Today’s ‘fair-minded’ government has tried every trick in the book to avoid admitting to the inhuman crimes committed by its 1950s predecessor, even going so far as to claim that all liability had been transferred to the new Kenyan government after independence!
For once, this spurious bit of truth-twisting was rejected even by a British court, as were the ludicrous claims that “there couldn’t be a ‘fair’ trial of those responsible as they were mostly dead and couldn’t defend themselves”, or that there is now “no evidence” relating to events that took place in Kenya 60 years ago.
In fact, however, not only has much evidence come to light revealing the horrific details of British colonial crimes, but the evidence also makes it clear where ultimate responsibility for those crimes lies: “The documents showed that responsibility for torture went right to the top − sanctioned by Kenya’s governor, Evelyn Baring, and authorised at cabinet level in London by Alan Lennox-Boyd, then secretary of state for the colonies in Harold Macmillan’s Conservative government.” (‘Atoning for the sins of empire’ by David M Anderson, New York Times, 12 June 2013)

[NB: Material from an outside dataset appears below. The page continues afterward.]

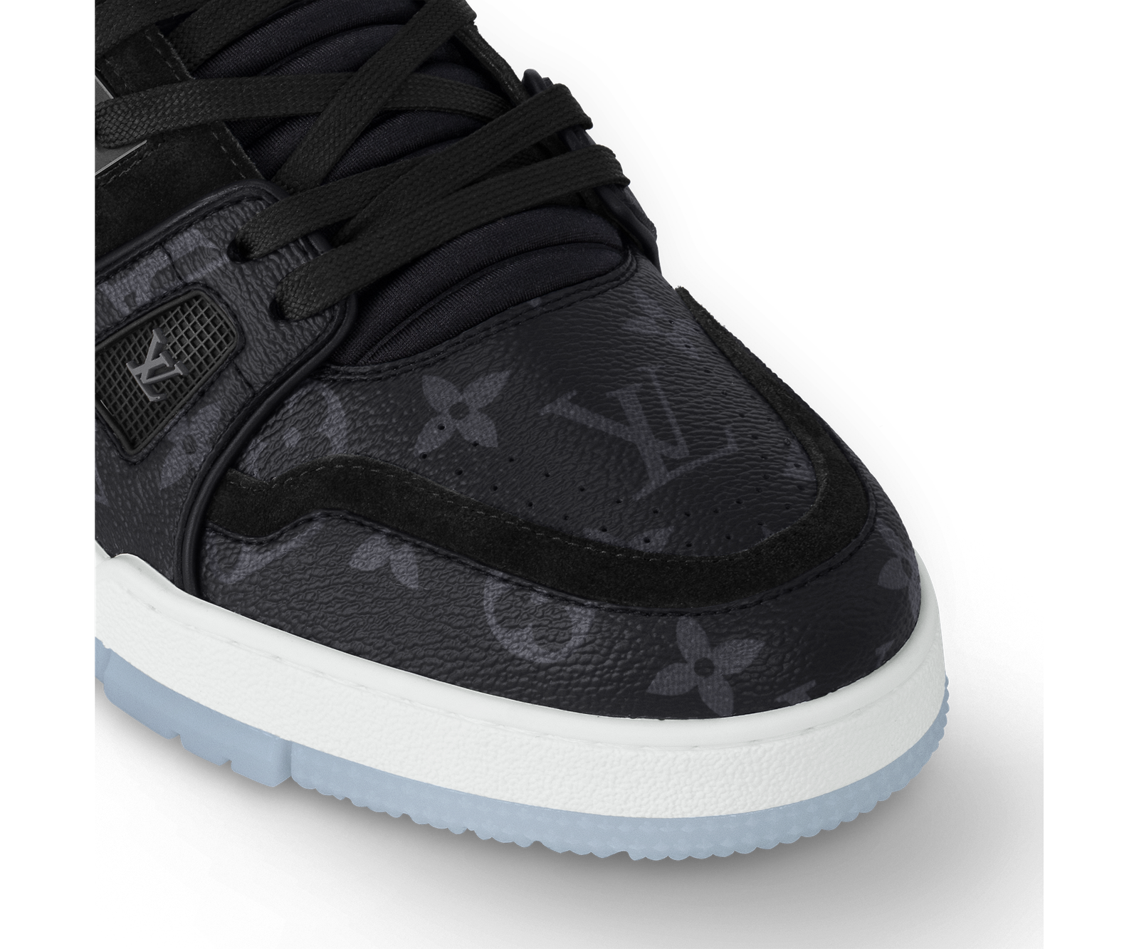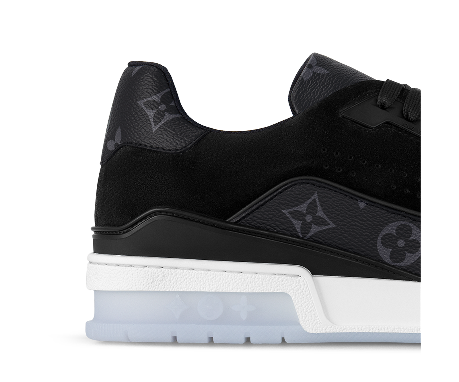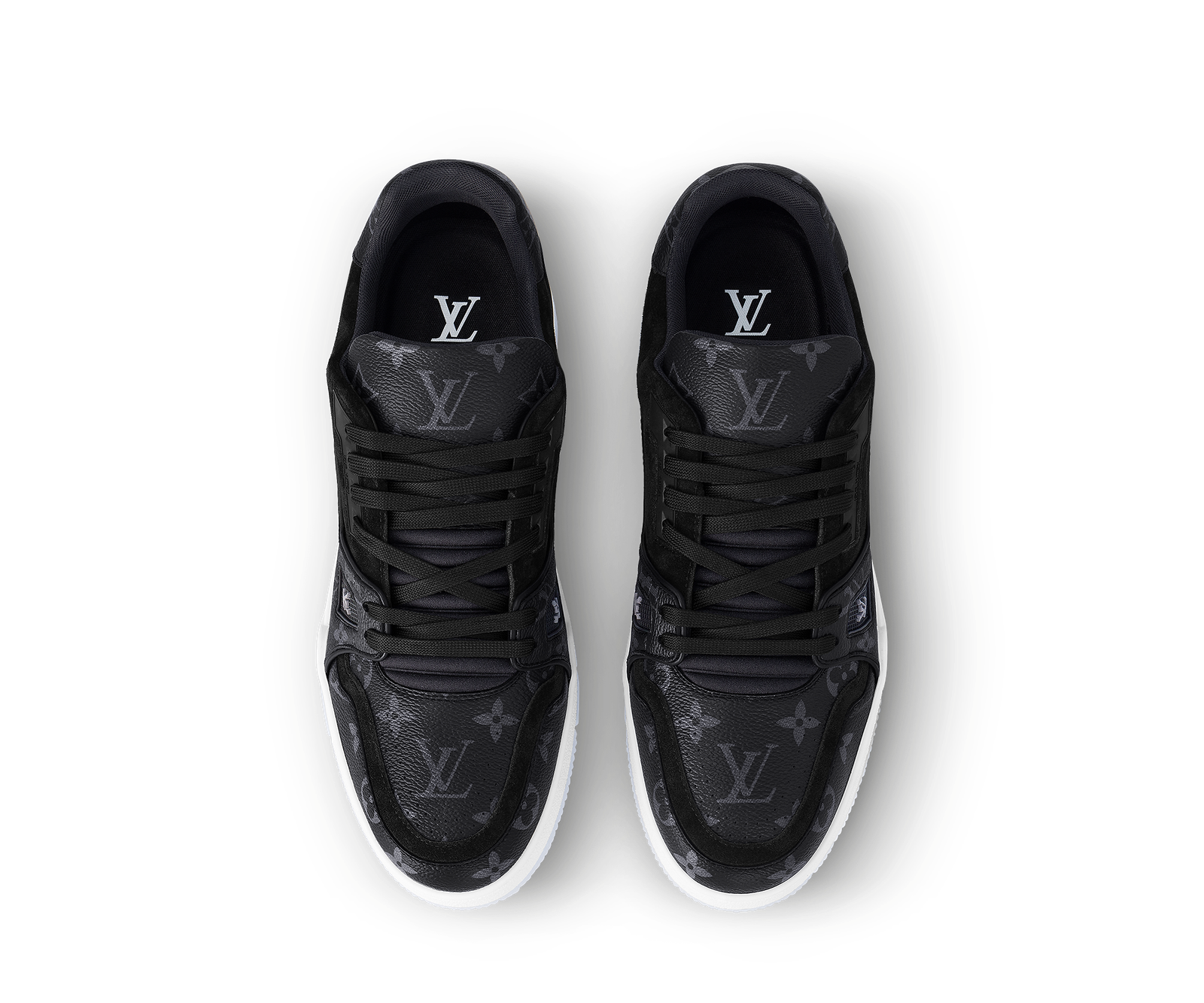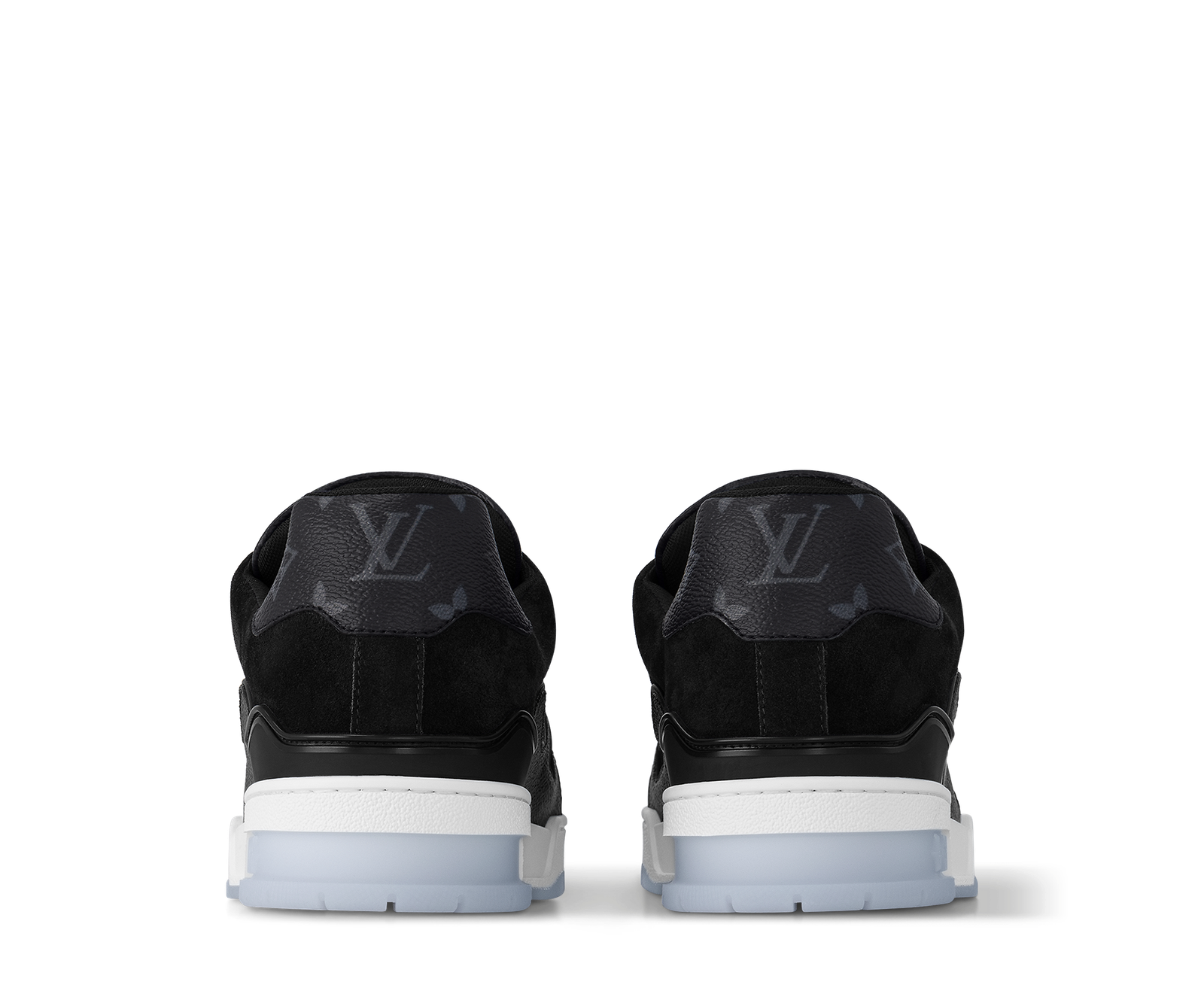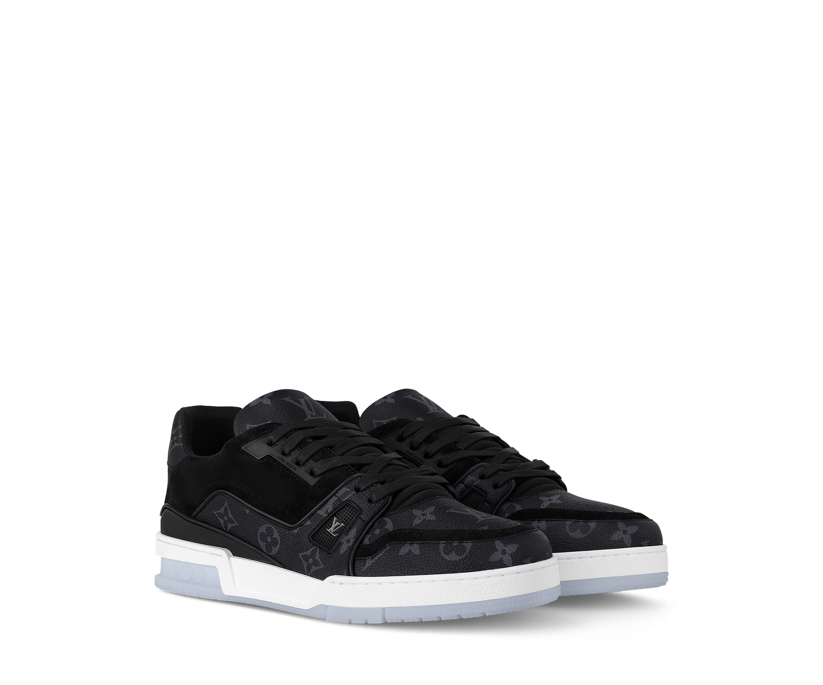 The LV Trainer sneakers designed by Louis Vuitton Artistic Director Virgil Abloh make a fresh appearance in Monogram Eclipse and Monogram Reverse canvas. This classic design draws inspiration from basketball shoes, featuring an intricately structured upper paired with a contrasting white rubber outsole adorned with Monogram floral motifs.

So the British government, through the mouth of William Hague, has ben forced to make a mealy-mouthed statement of ‘recognition’, ‘sorrow’ and ‘regret’ (but no actual apology), while still denying any real responsibility. The words of the sincerely insincere Mr Hague reveal the obvious chagrin felt by our ruling class at having to make even this small and belated concession to truth and justice:
“I would like to make clear now, and for the first time, on behalf of Her Majesty’s government, that we understand the pain and grievance felt by those who were involved in the events of the emergency in Kenya …
“The British government recognises that Kenyans were subject to torture and other forms of ill-treatment at the hands of the colonial administration … The British government sincerely regrets that these abuses took place and that they marred Kenya’s progress towards independence.”
Hague went on to announce that the government has negotiated a £19.9m out-of-court settlement with 5,228 victims – around £3,000 per victim. This ‘largesse’ applies only to the still-living survivors of colonial abuses. No recompense has been offered to the families of those who were murdered, or to the families of those who died after a life of pain that was a direct result of torture and mutilation by British forces.
Not surprisingly, this case has been carefully followed by other victims of the profit-hungry British imperialist ruling class around the world. It is to be hoped that these victims and their families – whether in Ireland, India, Aden, Malaysia, Zimbabwe, Afghanistan, Iraq, or anywhere else that British imperialism has placed its bloodied boot – will form an endless stream at the doors of Britain’s law courts.
There can be no real justice for these victims through paltry compensation payments – only the death of imperialism itself and the ending forever of all exploitation by Britain’s elite can come anywhere within a million miles of that – but public recognition of some of the crimes committed will be an important part of setting the record straight, and may yet help British workers to recognise our rulers for the murderous scum that they are and have been, both at home and abroad, today and throughout their history.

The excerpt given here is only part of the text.